Leverage the In-Database Capabilities of Analytic Software
Many analysts have a strong preference for commercial analytic workbenches such as SAS or SPSS. Both packages are widely used, respected by analysts, and each has strong advocates. The purpose of this article is to point out that analytic users can benefit from the performance and simplicity of IBM Netezza in-database analytics without abandoning their preferred interface.
Let’s start with SAS. One of the most frequent complaints from IT organizations about SAS users is the propensity for users to require significant amounts of storage space for SAS data sets. A leading credit card issuer, for example, reports that users have more than one hundred terabytes of SAS files – and the volume is growing rapidly.
But SAS users can store data tables in the Netezza appliance and run data preparation steps against those tables using the SAS Pass-Through Facility. In addition to centralizing storage, reducing data movement and simplifying security, users can realize 100X improvements in program runtime.
In-database PROCs are another SAS feature. SAS currently enables in-database execution of FREQ, MEANS, RANK, REPORT, SORT, SUMMARY, and TABULATE in a number of databases and data warehouse appliances, including Netezza. For the user, database-enabled PROCs operate like any other SAS PROC — but instead of running on the server, the PROC runs in the database.
SAS supports a number of other in-database capabilities through SAS/ACCESS, including the ability to pass functions and formats to Netezza, the ability to create temporary tables and the ability to leverage Netezza’s bulk load/unload facility
SAS users can make calls to Netezza in-database functions by invoking Netezza In-Database Analytics through PROC SQL. In-database functions are far more efficient for building analytic data sets, data cleansing and enhancement. Customers who have implemented this approach have observed remarkable improvements in overall runtime: jobs that ran in hours now run in minutes.

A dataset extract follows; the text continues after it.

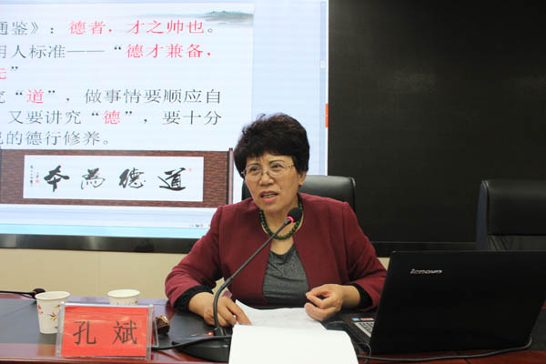 孔书记的报告紧密围绕中华民族五千年传统文化核心展开。报告中,她首先强调我们应正确认识和对待传统文化,传统文化不等于封建迷信。对于道德,她指出“道”是自然而然的规律,“德”是德行、修养,讲道德即是传统文化的核心思想。其次,孔书记还结合自身经历和当前热点事件,举例说法,对孝亲尊师、立德树人给出了自己独特的见解。报告最后,孔书记呼吁土水师生弘扬优秀传统文化,从孝做起,立德树人,修身励志,做一个有道德有理想的宁大人。

SAS customers using SAS Enterprise Miner or SAS Model Manager can also benefit from SAS Scoring Accelerator. Scoring Accelerator which SAS enables an Enterprise Miner user to export a scoring function that runs on Netezza. This capability helps the organization avoid a custom programming task, and enables the analyst to easily hand off model scoring to a production operation.
IBM SPSS Modeler also offers the capability to work directly with database tables in Netezza; like SAS, it can be configured to minimize storage on the SPSS server. Modeler also offers Pushback SQL capabilities, which enable the user to perform functions within the Netezza appliance, including table joins, aggregation, selections, sorting, field derivation, field projection and scoring. While the in-database functional capabilities of the two packages are similar, SPSS accomplishes this entirely within the graphical environment of the Stream canvas.
As with SAS, SPSS Modeler users can leverage Netezza in-database analytics to build, score and store predictive models, either through custom nodes or out-of-the box integration in Release 15.0. Again, a key difference between SAS and SPSS is that while SPSS Modeler surfaces Netezza in-database analytics through the graphical user environment, SAS users must have programming and SQL skills.
To summarize, leading commercial software packages like SAS and SPSS already offer the ability to manage files, perform data preparation, build models and run scoring processes entirely within the Netezza appliance. Users of these tools can significantly improve runtime performance by leveraging these existing capabilities.